The Chilean Juan Fernández Lobster Fishery

Our study site, the Chilean Juan Fernández Archipelago, is located in the south Pacific Ocean (33° 37′S, 78° 51′ W), 700 km west of the port city of Valparaíso (Figure 1). The volcanic islands that make up the archipelago (Robinson Crusoe, Santa Clara and Alexander Selkirk) display a high degree of endemism in both terrestrial and marine environments [39][41]; this applies to the lobster, Jasus frontalis, found only on the Juan Fernández Archipelago and the Islas Desventuradas (Figure 1). The lobster fishery is the main source of economic revenue for fishers inhabiting the Archipelago. The decline in lobster abundance and the associated change in its natural distribution are documented in historic accounts [42][45]. Bahía Cumberland is the main fishing port of the Juan Fernández Archipelago from which approximately 180 fishers operate approximately 40 boats to fish at Islas Robinson Crusoe and Santa Clara [46]. Additionally, seasonal fishing camps are set-up on Alexander Selkirk Island. Wooden boats between 8 to 10 m in length are powered by an outboard motor, and sometimes fitted with a winch and depth finder (Figure 2A; [47]). Lobster fishing practices using wooden traps (1.35 m by 0.78 m by 0.37 m; [47]) have remained relatively traditional (Figure 2B).

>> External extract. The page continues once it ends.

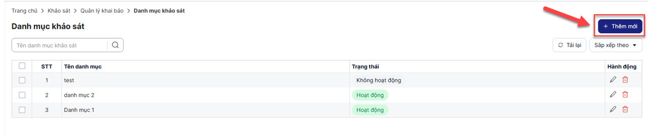 - Danh mục khảo sát: Hiển thị các bản ghi đang hoạt động ở menu Quản lý khai báo > Danh mục khảo sát
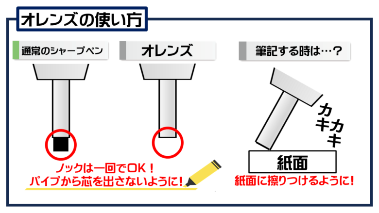 芯全体をガイドパイプで保護しつつ紙面にペン先を擦りつけるようにして筆記する必要があります。

Figure 1. Location of Juan Fernández Archipelago and Islas Desventuradas in relation to Chile and New Zealand.

Islas Robinson Crusoe, Santa Clara and Alexander Selkirk collectively make up the Juan Fernández Archipelago.

Figure 2. Lobster fishing gear on the Juan Fernández Archipelago.

A - Technology consists of a wooden boat, gas-powered winch, depth finder and outboard engine. Photograph by Alejandro Perez-Matus. B - Wooden lobster traps. Photograph by Fabian Ramírez.

The current lobster management regulations include a seasonal closure from May 15th until September 30th, a minimum cephalothorax harvest size of 11.5 cm and no capture of egg-carrying females, however there are no catch limits. An informal management system exists whereby location of trap placement is governed by a complex, highly structured system with high compliance [48]. Because it is based on the use of traps, the fishery itself is selective, but several finfish species are caught for bait via other methods, resulting in the harvest of approximately 150 kg of fish per day (personal communication with local fishers). The current lobster fishing effort on Islas Robinson Crusoe and Santa Clara is concentrated in the farthest reaches of the archipelago in relation to the population centre and main port, Bahía Cumberland [48]. Fishers who camp on Isla Alexander Selkirk (the most isolated region of the Archipelago) report a much higher CPUE [49]. At present, STIPA Juan Fernández (the Juan Fernández fishers' syndicate) is a fishers' union concerned with the marketing and management of lobster with a mandate for the conservation and sustainable management of marine biodiversity within the archipelago. The lobster fishery on Juan Fernández is classified by the Chilean government as “artisanal” which gives exclusive fishing rights to registered fishers on the archipelago from land to five nautical miles offshore and prevents new fishers from entering the fishery.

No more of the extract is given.